Encuentro en un IES con una escritora

No conozco ningún estudio que reflexione sobre este desfase entre el interés por leer bien para aprender mientras nos estamos formando en escuelas y universidades y el gusto mayoritario por leer como mero pasatiempo en nuestra madurez. Abonaré esta tierra yerma con cinco posibles causas: 

  1. Muchas de las asignaturas que se imparten (científicas y humanísticas sobre todo) son percibidas como tochos que hay que aprobar y una vez aprobadas, si te he visto no me acuerdo. Sembrar el gusto en el alumnado por adentrarse en estas materias es tan o más importante que el contenido en sí que con ellas se imparte.
  2. Los niveles de estrés o la banalización de la realidad en los que vivimos nos empujan muchas veces a optar por fórmulas evasivas y que no nos supongan un elevado esfuerzo de atención.
  3. El desprestigio general de los saberes que no son útiles ni rentables inmediatamente en nuestra práctica cotidiana.
  4. La complejidad lingüística de muchas obras que se dirigen mayormente a los especialistas antes que al público medio en general.
  5. La escasa inversión editorial y de marketing en aquellos géneros que no reportan los rápidos beneficios que otros, como la narrativa, pueden generar con sus best sellers, etcétera. 
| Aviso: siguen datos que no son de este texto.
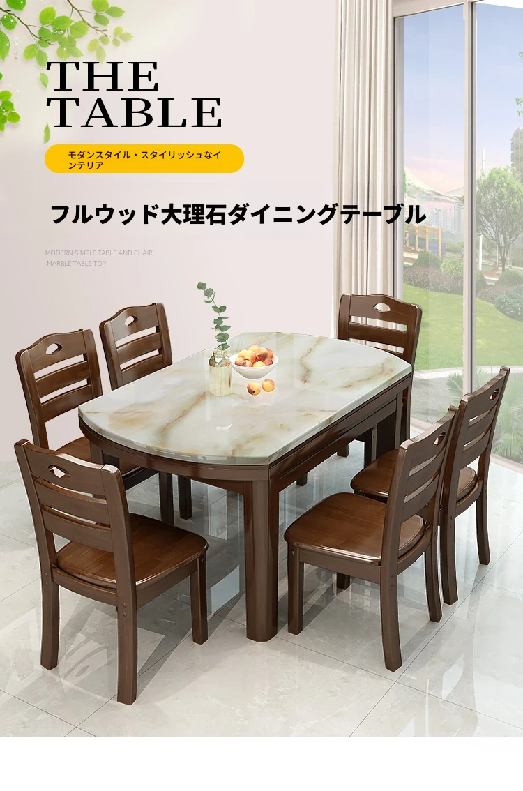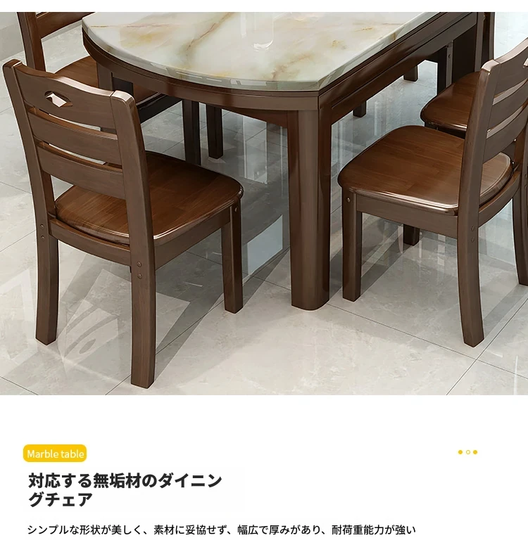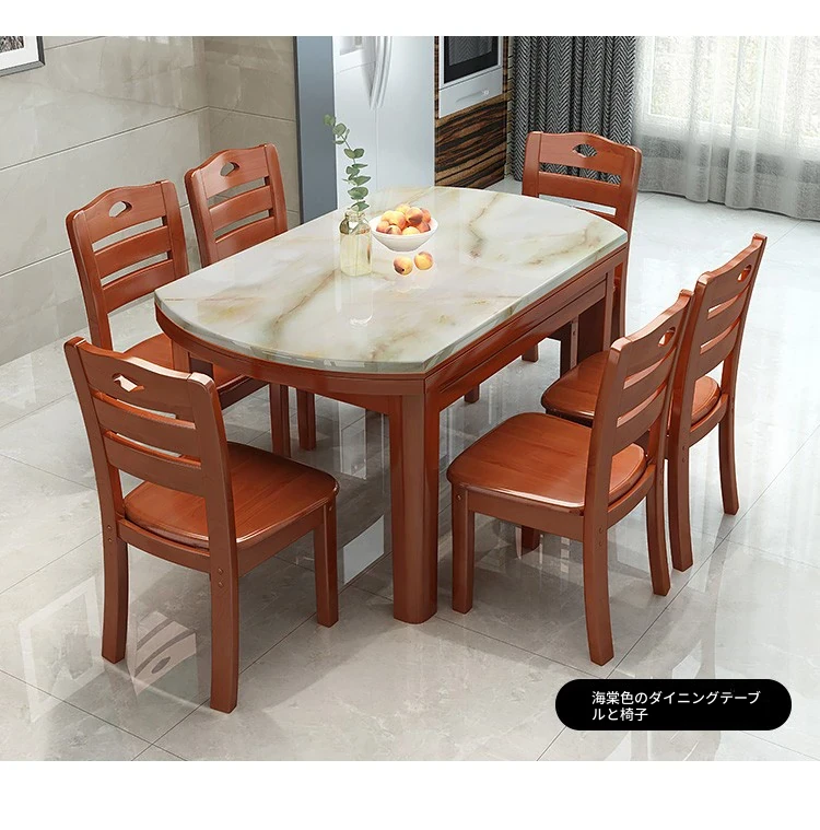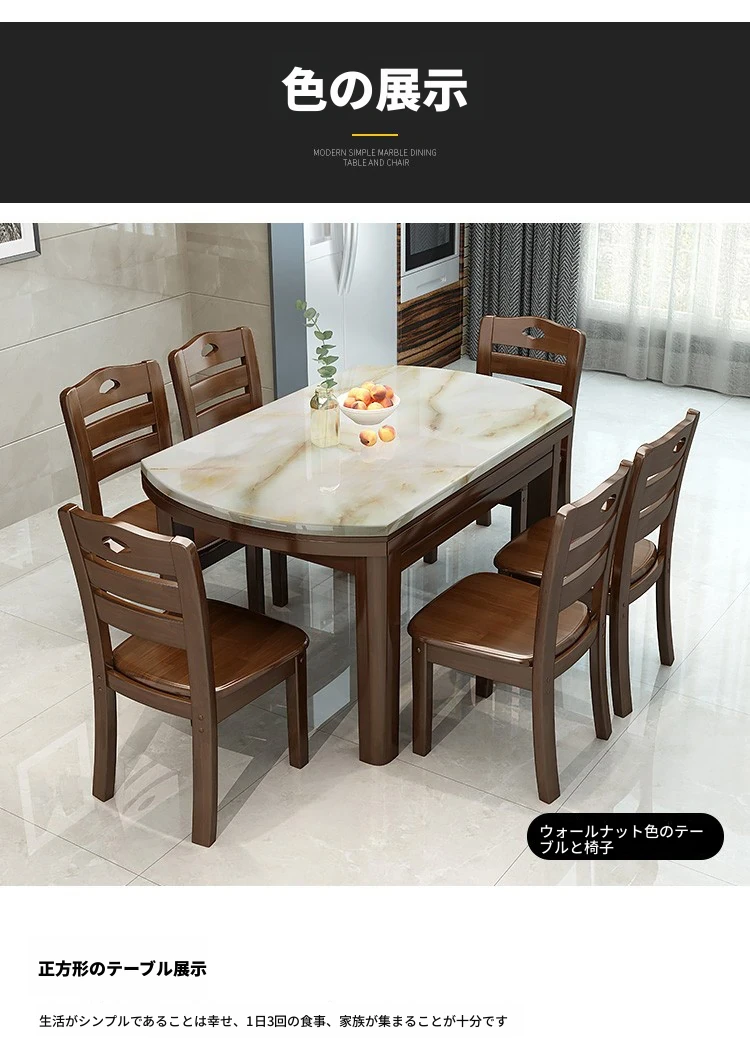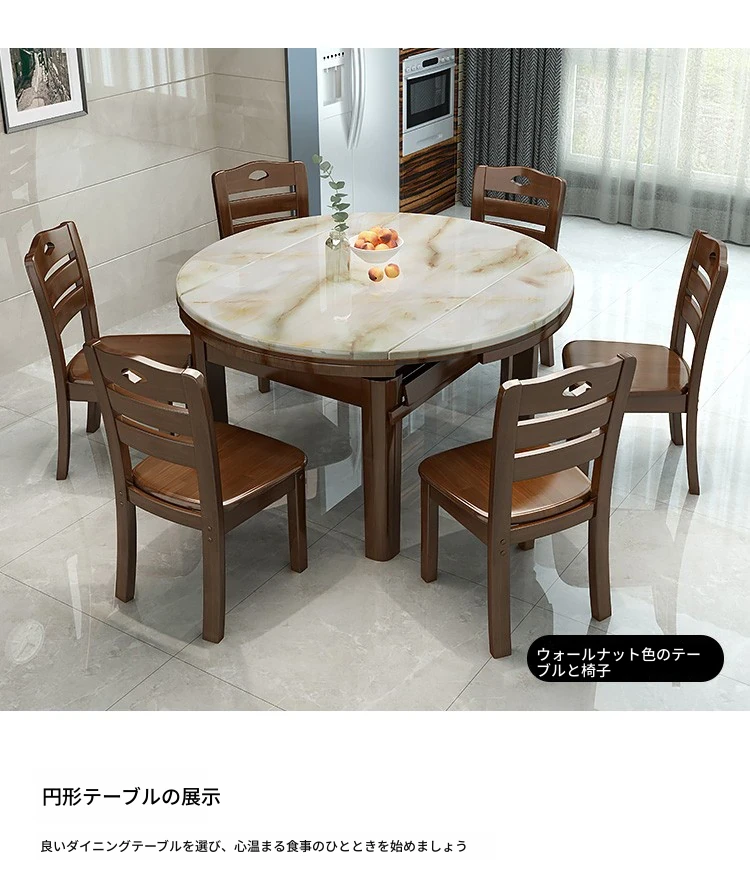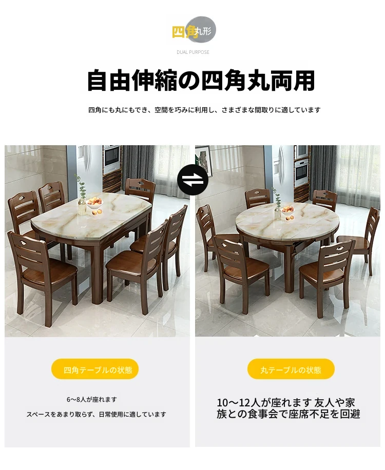 現代的シンプルなデザインの伸縮可能な実木製ダイニングテーブル - 長方形と円形の大理石仕上げ、ブラックカラーでスタイリッシュに!家族や友人との食事をより贅沢に演出します。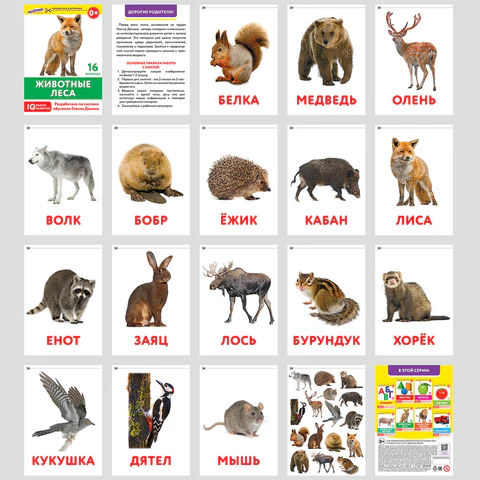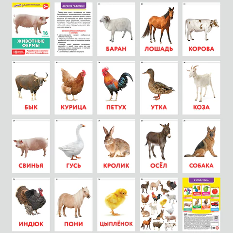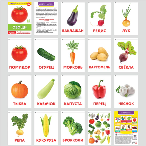 Набор содержит 8 книжек-брошюр по различным 8 тематикам: алфавит, животные фермы, животные леса, животные Африки, овощи, фрукты, фигуры, транспорт. Каждая брошюра снабжена красочными и реалистичными изображениями, общим количеством – 145 изображений в наборе. Размер каждой брошюры - 12х17 см. Именно реалистичные, а не анимационные изображения предметов формируют правильную понятийную сферу у ребенка.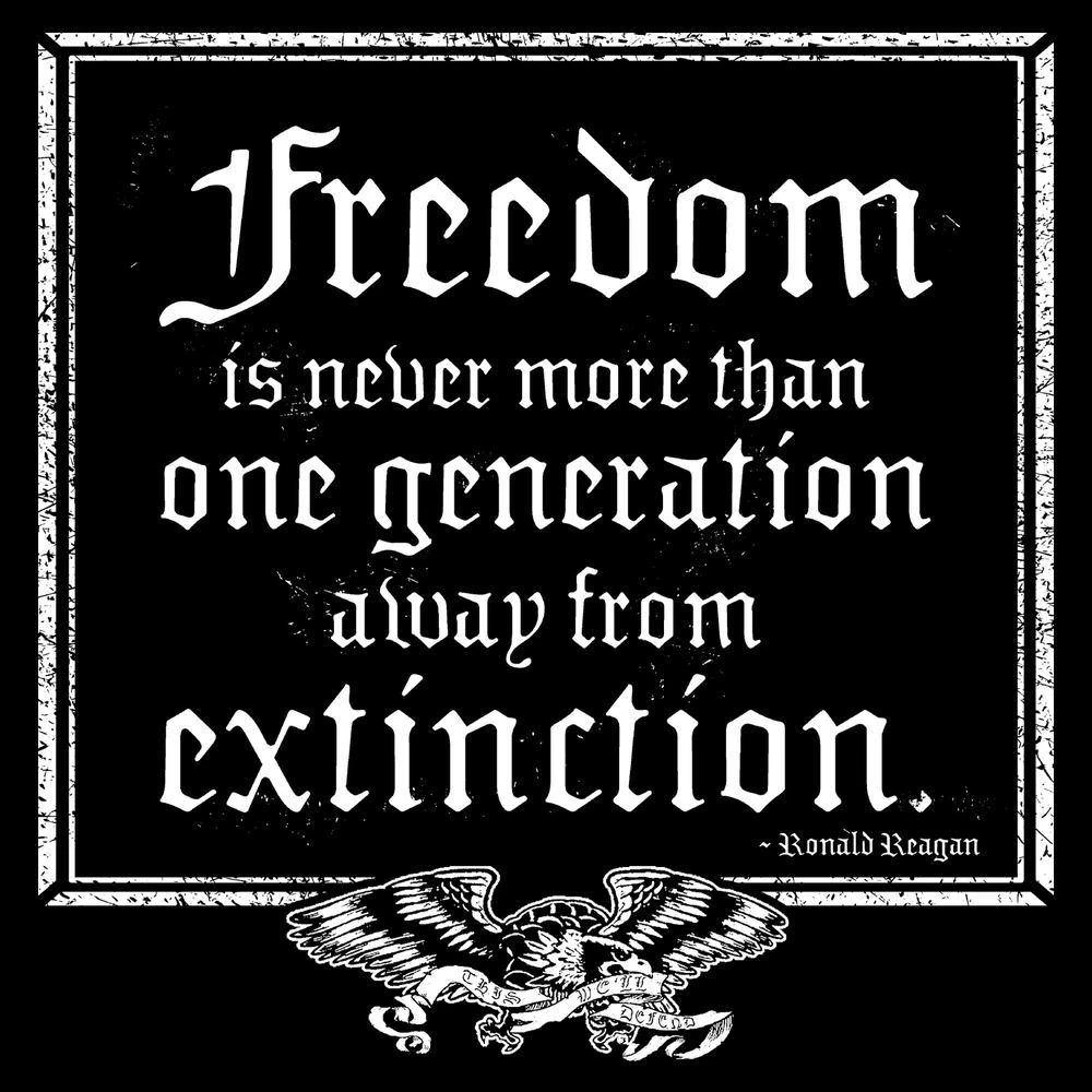 Ronald said it best. It’s more than just a quote, it’s a fact! As Americans, we must stand united and continue to maintain the great nation that generations before us have worked so hard to build. Acknowledge and remember the history of the United States, so that we never fall and repeat ourselves. Order this “One Generation Away” pocket tee and continue to do whatever it takes to protect our freedom.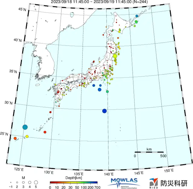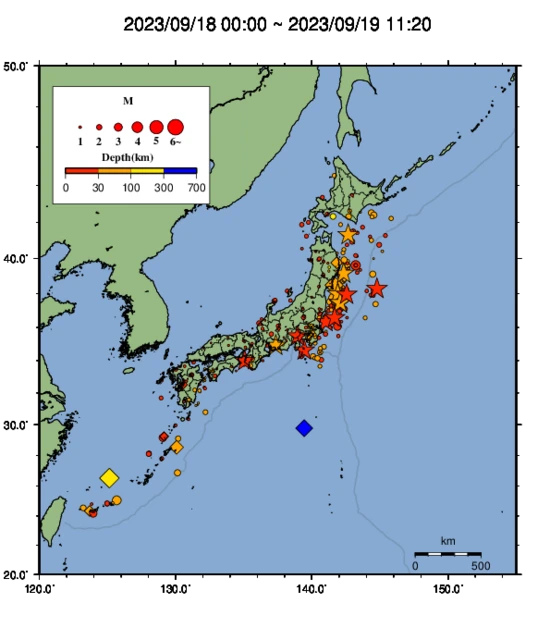 ●Hi-net日本地震分布と気象庁・・・hi-netの小笠原のデータは掲載日がずれて反映されるようです(翌々日に掲載)。掲載されないものもあるようなので気象庁の画像も付けます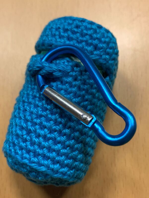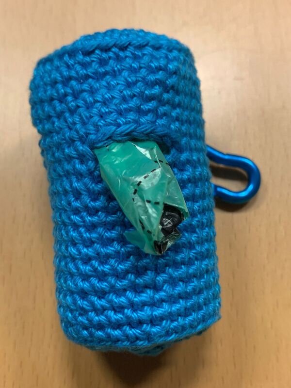 Du benötigst Wollreste, eine Häkelnadel (3 oder 3,25) und einen Karabiner. Zum Befüllen eine Rolle mit Kotbeuteln.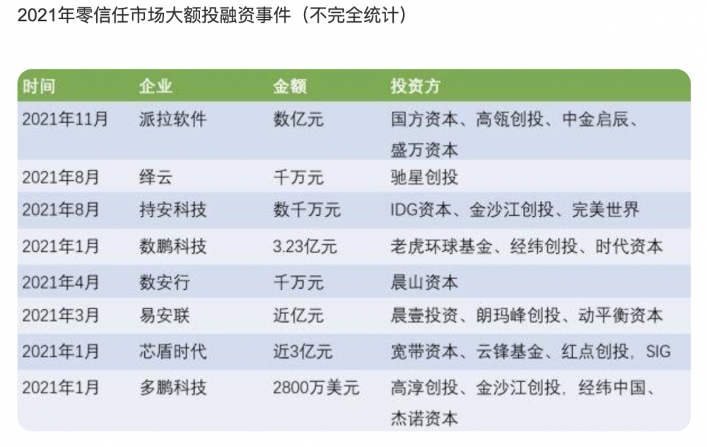 同时热度骤增的零信任,也吸引了大批资本入场。据不完全统计,2021年国内零信任市场已完成多起大额投融资,包括派拉软件、绎云、持安科技、数鹏科技、数安行、易安联、芯盾时代、多鹏科技等在内的多家创新企业,获得了从数千万到数亿元不等的融资。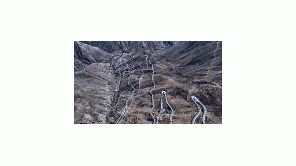 邦達(dá)的藏語為“雄鷹飛不出的草地”,這里曾是著名的“茶馬古道”必經(jīng)之地。由于地勢(shì)的原因,在邦達(dá)的業(yè)拉山(埡口海拔4658米),形成了著名的【怒江72道拐】,也稱“九十九道回頭彎”、業(yè)拉山“108拐”。從業(yè)拉山口,一直下到海拔不到3000米的怒江邊,高度直降近2000米。山路曲折盤旋,一彎又一彎,一圈又一圈,無限循環(huán),轉(zhuǎn)到后來你根本不可能記得它轉(zhuǎn)了多少圈。如此密集的回頭彎,被稱為川藏線上拐彎最多的路段,也是“中國(guó)十大險(xiǎn)峻山路”之一。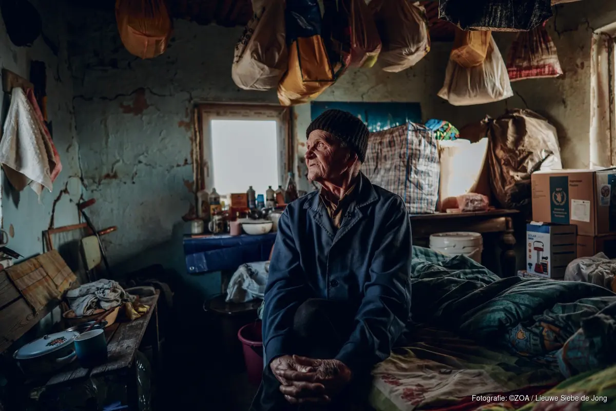 Zijn ogen dwalen af naar de muur, waar ooit foto’s hingen van zijn kinderen en kleinkinderen. Viktor woont alleen. Zijn buren zijn gevlucht, maar hij bleef. “Waar moet ik heen? Dit is mijn thuis.”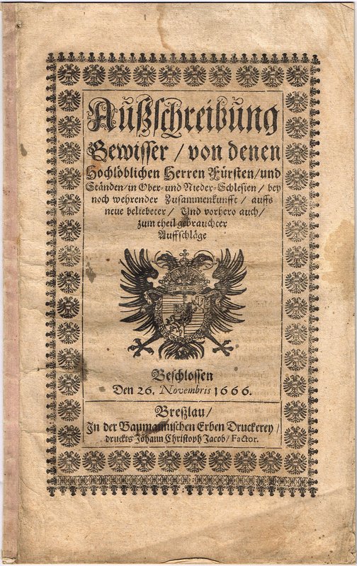 Außschreibung gewisser, von denen Hochlöblichen Herren Fürsten, und Ständen, in Ober- und Nieder-Schlesien, bey noch wehrender Zusammenkunfft, auffs neue beliebeter, Und vorhero auch, zum theil gebrauchter Auffschläge. Beschlossen den 26. Novembris 1666. Breslau, Baumannische Erben, (1666). In-4; Titel mit Wappenholzschnitt und Bordüre, 7 Bll. mit zwei Initialen; Fadenheftung mit Papierrücken (angeschmutzt und etwas knittrig); fleckig und wasserrandig, das letztes Blatt mit Brandloch und kleinen Mängeln im weißen Rand. - Steuer- und Zolledikt verlautbart durch den Breslauer Bischof Sebastian von Rostock (1607-1671) als Oberhauptmann von Schlesien.

Revalorizar prestigiando las disciplinas de contenido científico y humanístico y ser capaces de acercar estas a un mayor número de lectores es prioritario si, además de para disfrutar y entretenernos, queremos que la lectura nos sirva para no dejar nunca de aprender y seguir saciando así el pozo innato de nuestra curiosidad. Y esta dejación de funciones, observable en nuestros gustos como lectores y que se explica en un modelo socio-cultural claramente banal y utilitarista, es lo verdaderamente preocupante hoy.